* [Data section]:
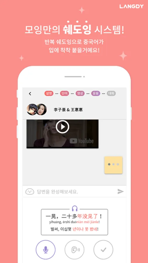 모잉만의 쉐도잉 시스템으로 진짜 소리를 익혀보세요!
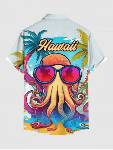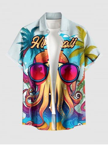 Short Sleeves Shirts > Plus Size Coconut Tree Octopus Letters Print Hawaii Button Pocket Shirt For Men
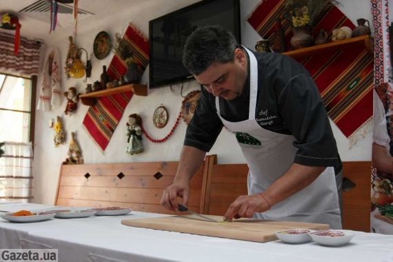 На столах раскладывают деревянные доски, заносят капусту и фарш. Повар ресторана собирается готовить самый маленький голубец, который войдет в Книгу рекордов Украины.

* [What you will do]:
Print the material above verbatim except the pictures.

* [Exercise output]:
 모잉만의 쉐도잉 시스템으로 진짜 소리를 익혀보세요!
 Short Sleeves Shirts > Plus Size Coconut Tree Octopus Letters Print Hawaii Button Pocket Shirt For Men
 На столах раскладывают деревянные доски, заносят капусту и фарш. Повар ресторана собирается готовить самый маленький голубец, который войдет в Книгу рекордов Украины.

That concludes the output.